The Ca _v3.3 calcium channel is the major sleep spindle pacemaker in thalamus

Low-threshold (T-type) Ca ²⁺ channels encoded by the Ca _V3 genes endow neurons with oscillatory properties that underlie slow waves characteristic of the non-rapid eye movement (NREM) sleep EEG. Three Ca _V3 channel subtypes are expressed in the thalamocortical (TC) system, but their respective roles for the sleep EEG are unclear. Ca _V3.3 protein is expressed abundantly in the nucleus reticularis thalami (nRt), an essential oscillatory burst generator. We report the characterization of a transgenic Ca _V3.3 ^-/- mouse line and demonstrate that Ca _V3.3 channels are indispensable for nRt function and for sleep spindles, a hallmark of natural sleep. The absence of Ca _V3.3 channels prevented oscillatory bursting in the lowfrequency (4-10 Hz) range in nRt cells but spared tonic discharge. In contrast, adjacent TC neurons expressing Ca _V3.1 channels retained low-threshold bursts. Nevertheless, the generation of synchronized thalamic network oscillations underlying sleep-spindle waves was weakened markedly because of the reduced inhibition of TC neurons via nRt cells.
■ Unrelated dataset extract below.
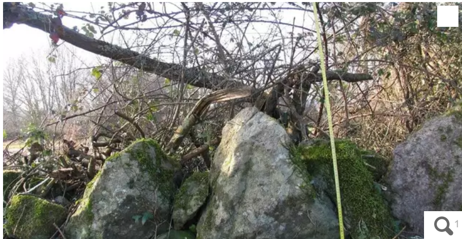
Une partie des monolithes du site de Montauban, à Carnac, avant sa destruction.

En moins de 24 heures, la destruction d'un site regroupant des menhirs et petits monolithes a reçu un écho médiatique et politique hors du commun. Une affaire chargée de symboles, qui ont fini par évacuer totalement sa complexité.

T currents in Ca _V3.3 ^-/- mice were <30% compared with those in WT mice, and the remaining current, carried by Ca _V3.2 channels, generated dendritic [Ca ²⁺] _i signals insufficient to provoke oscillatory bursting that arises from interplay with Ca ²⁺-dependent small conductance-type 2 K ⁺ channels. Finally, naturally sleeping Ca _V3.3 ^-/- mice showed a selective reduction in the power density of the σ frequency band (10-12 Hz) at transitions from NREM to REM sleep, with other EEG waves remaining unaltered. Together, these data identify a central role for Ca _V3.3 channels in the rhythmogenic properties of the sleep-spindle generator and provide a molecular target to elucidate the roles of sleep spindles for brain function and development.